As the R5RS spec describes, call-with-current-continuation (or call/cc for short) expects a single function as its only argument - an anonymous lambda function in this example. When Scheme executes call-with-current-continuation, it packs up the current continuation and passes it in as the return argument. We can now call return to escape from the current execution context and return a value to the expression that encloses call-with-current-continuation.

To walk through exactly what happens, as the code above loops over the list of numbers it finds a negative number and calls the return continuation with a value of -3. Execution immediately jumps back to where call-with-current-continuation left off. Assuming this code was typed directly into the huski interpreter, the whole expression evaluates to -3 and that result is printed to the screen.

Continuations are first-class objects, which means they can be assigned to variables, passed to functions, etc, just like any other data type. Phillip Wright wrote an excellent article about this in which he presented the following code snippet:

> (define handle #f)
> (+ 2 (call/cc (lambda (k) (set! handle k) 2)))
4
> (handle 6)
8
> (handle 20)
22

This example illustrates many important points. By storing the continuation up in a variable we can use it later on in the program: in this case, it is used to add 2 to an arbitrary input value. A proper Scheme implementation allows a continuation to be invoked like this multiple times. We can also see that a continuation may be captured at any point in the code, even while evaluating part of a larger expression.

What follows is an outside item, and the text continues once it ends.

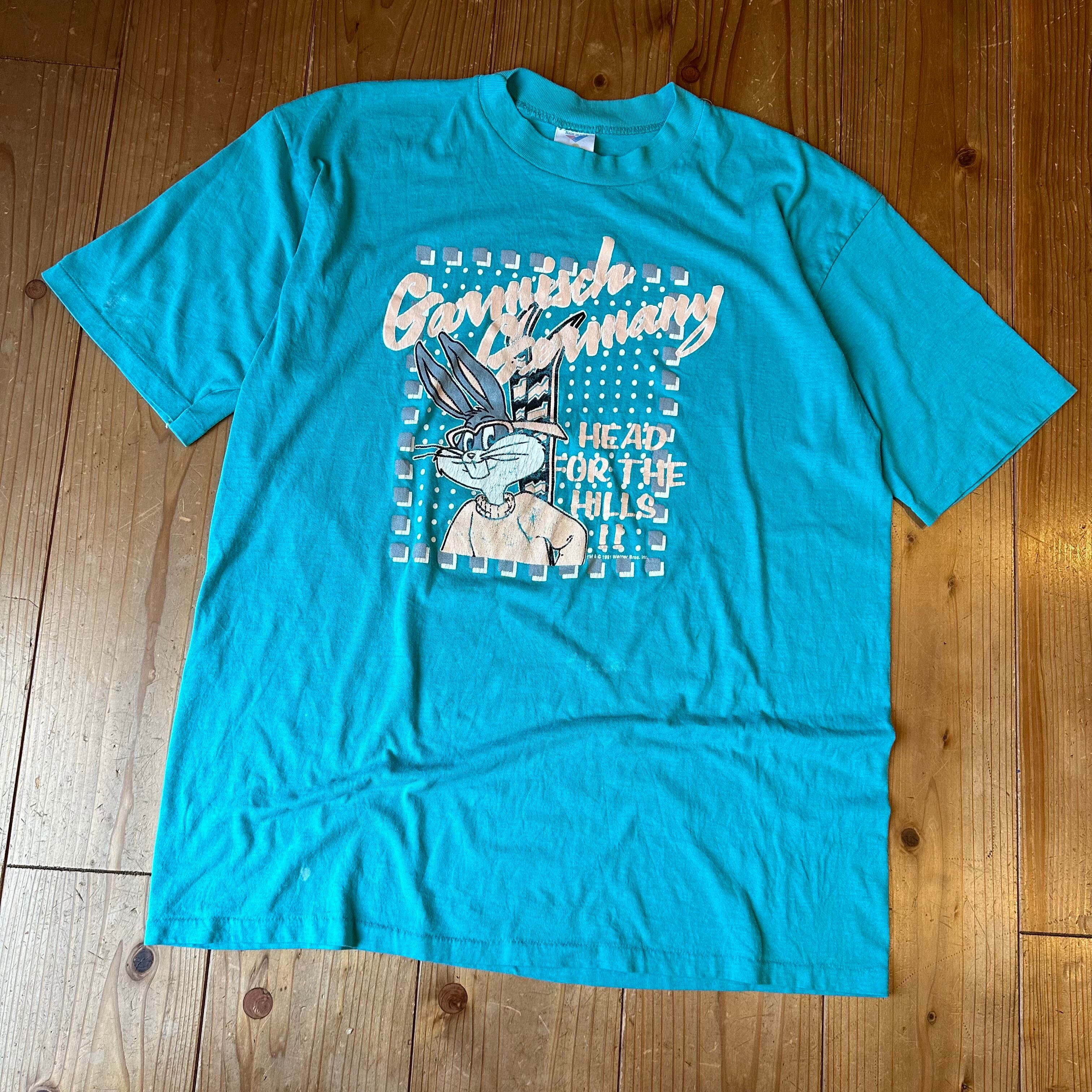 良い色味のグリーンに最高デザインの バッグス・バニーのプリントが施された1991コピーライトの超希少なTシャツ!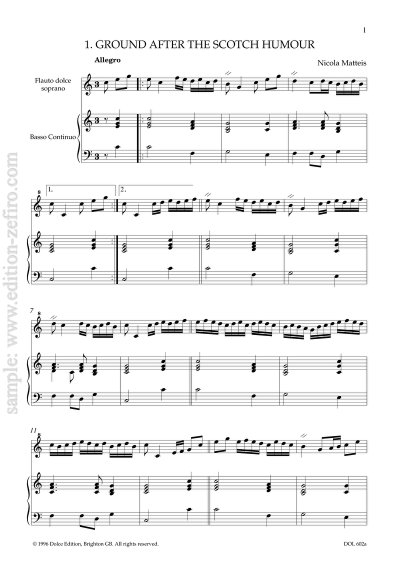 Although the majority of Matteis’ pieces were obviously intended for the violin, some are headed “for the flute” (recorder), including number 6 in the present selection. Not surprisingly, these are simpler in style than the violin pieces.

Continuation Passing Style

The Portland Pattern Repository’s Continuation Implementation wiki page provides several possible approaches for implementing continuations. In particular, the Scheme runtime can use continuation passing style (CPS). This is also what Jonathan recommends at the end of his tutorial.

In CPS, a function (b) is passed as a parameter to another function (a), with the intent that when (a) is finished it will pass control to (b). So (b) in essence becomes a future computation of (a). This pattern is used extensively in modern programming - for instance, asynchronous functions in the node.js JavaScript framework generally accept a callback function that is executed once the asynchronous operation completes.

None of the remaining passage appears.